1 - $7650 ( payoff was 60% of parlay )
2 - $25,500 ( 19% )
3 - $85K ( 22% )
4 - $ 6800 ( 87% )
5 - $5100 ( 72% )
6 - $22100 ( 43% )
7 - $62,900 ( 75% )
8 - $11,900 ( 133% )
9 - $18,700 ( 63% )
10 - $59,500 ( 46% )
So, only the payoff on the 8 horse was better than the parlay, with all the others some version of relatively to significantly short of the parlay. Here are the amount of dollars on each potentiall winning combo...
1 - $41
2 - $39
3 - $10
4 - $32
5 - $52
6 - $20
7 - $4
8 - $12
9 - $16
10 - $7
It doesn't appear the winner ( #6 ) had a significantly lower payoff relative to the others.
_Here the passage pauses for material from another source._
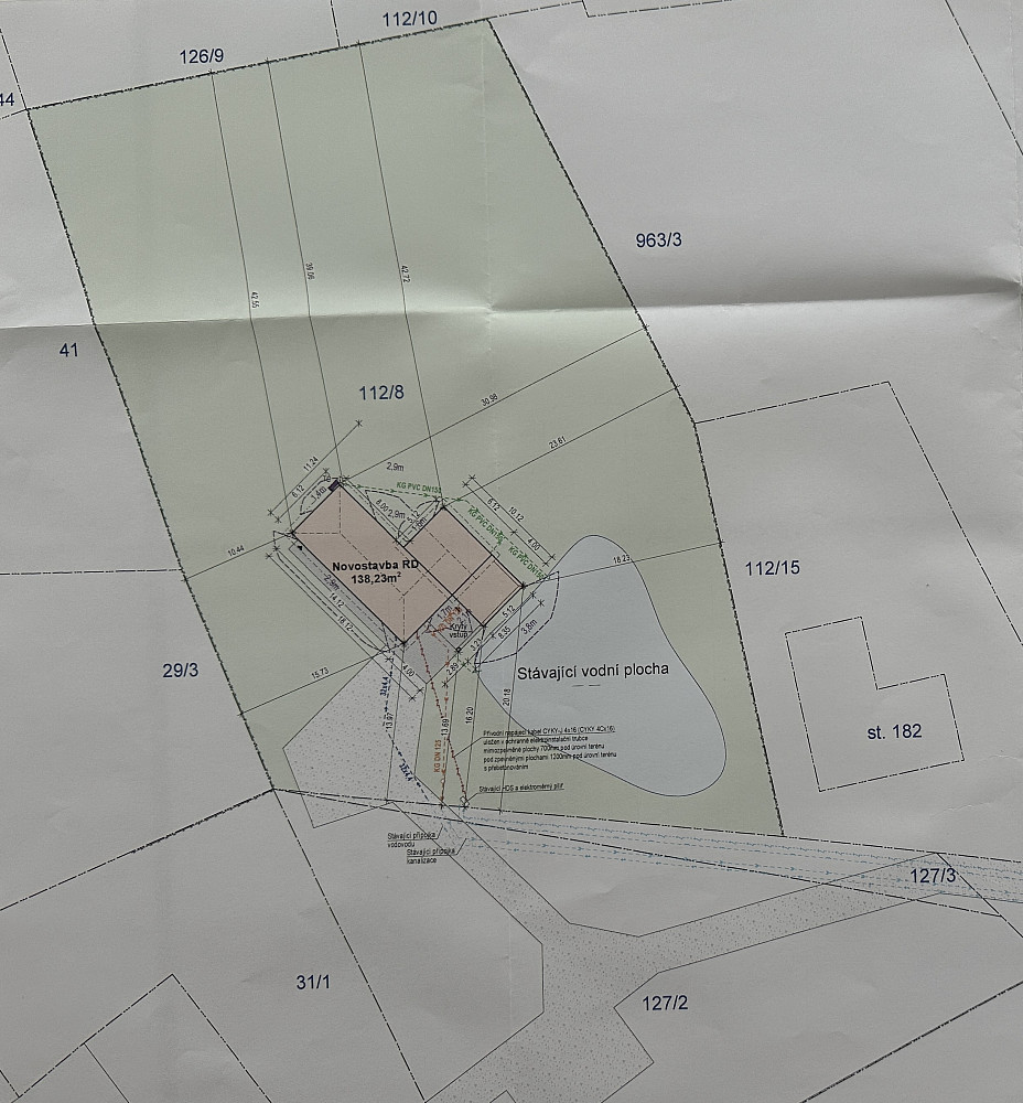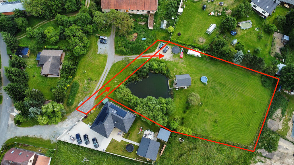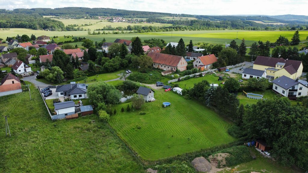 Stavební pozemek o rozloze 3260 m² s rodinným domem a platným stavebním povolením na rozšíření domu

The average payoff was 56% of the parlay ( related to the factors I think we agreed on ) so the winning combination was hardly a statistical aberration at 43% of the parlay. The winning dollar amounts on each combination was also so small that it seems fairly easy to see how volitile the payoffs are and thus a small confluence of events will easily lead to the appearance of " low " payouts.